Risk-Adjusted Performance

Solid

 
Weak
 
Strong
Compared to the overall equity markets, risk-adjusted returns on investments in Sligro Food Group are ranked lower than 16 (%) of all global equities and portfolios over the last 90 days. Despite nearly fragile basic indicators, Sligro Food reported solid returns over the last few months and may actually be approaching a breakup point.

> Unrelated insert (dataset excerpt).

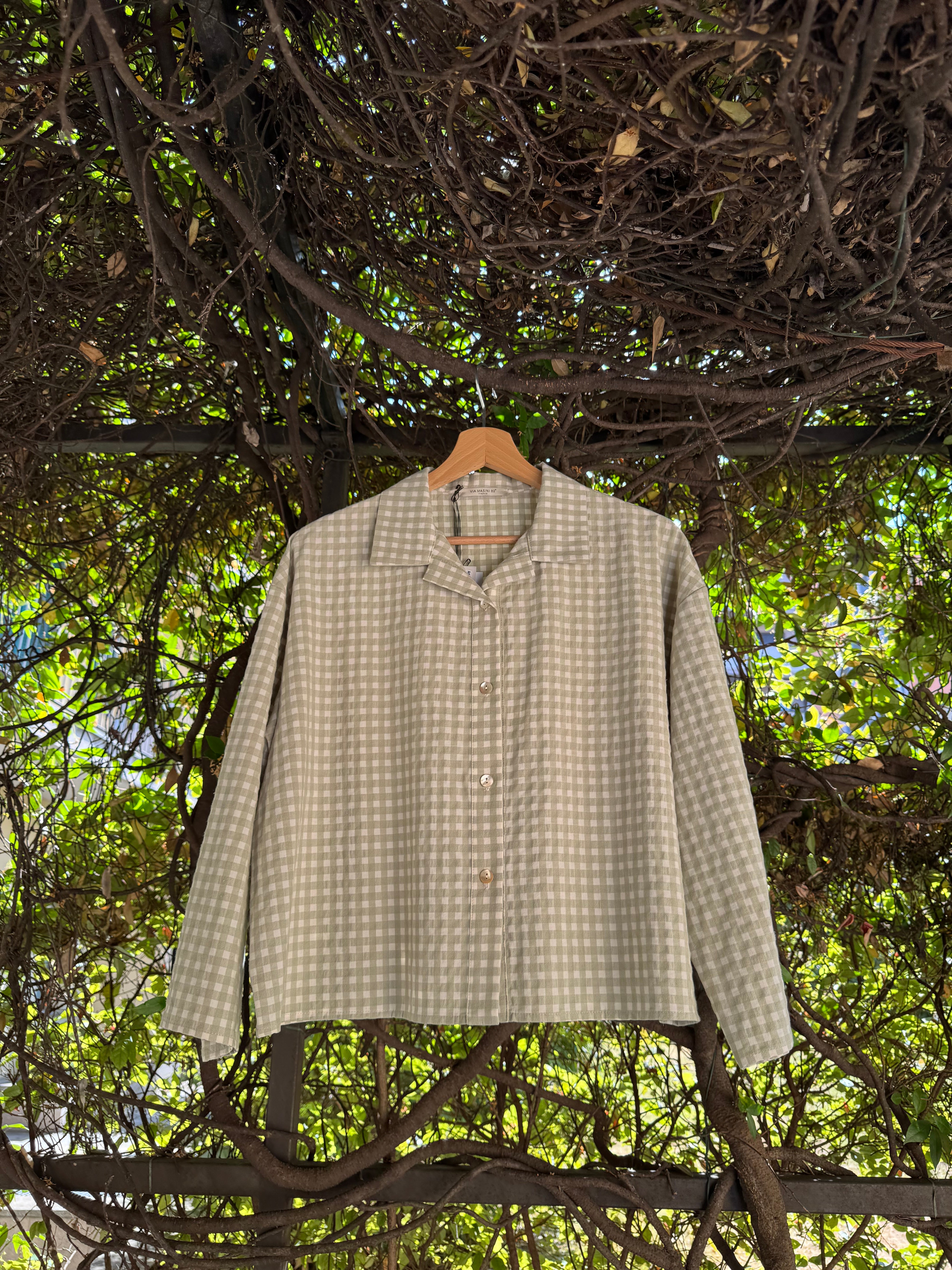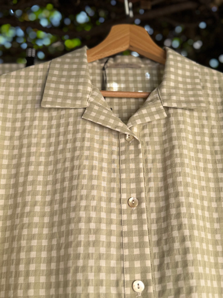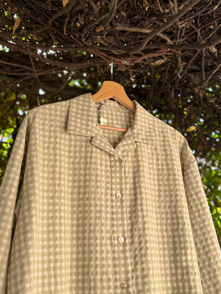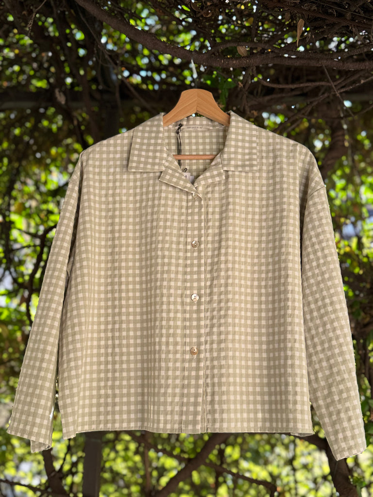 Giacca camicia.ampia, taglio a scatoletta, in cotone vichy a quadretti verde salvia e panna, con bottoncini a vista. Made in Italy

Performance Food and Sligro Food Volatility Contrast

   Predicted Return Density   
       Returns  

Pair Trading with Performance Food and Sligro Food

The main advantage of trading using opposite Performance Food and Sligro Food positions is that it hedges away some unsystematic risk. Because of two separate transactions, even if Performance Food position performs unexpectedly, Sligro Food can make up some of the losses. Pair trading also minimizes risk from directional movements in the market. For example, if an entire industry or sector drops because of unexpected headlines, the short position in Sligro Food will offset losses from the drop in Sligro Food's long position.
The idea behind Performance Food Group and Sligro Food Group pairs trading is to make the combined position market-neutral, meaning the overall market's direction will not affect its win or loss (or potential downside or upside). This can be achieved by designing a pairs trade with two highly correlated stocks or equities that operate in a similar space or sector, making it possible to obtain profits through simple and relatively low-risk investment.
Check out your portfolio center.
Note that this page's information should be used as a complementary analysis to find the right mix of equity instruments to add to your existing portfolios or create a brand new portfolio. You can also try the Pattern Recognition module to use different Pattern Recognition models to time the market across multiple global exchanges.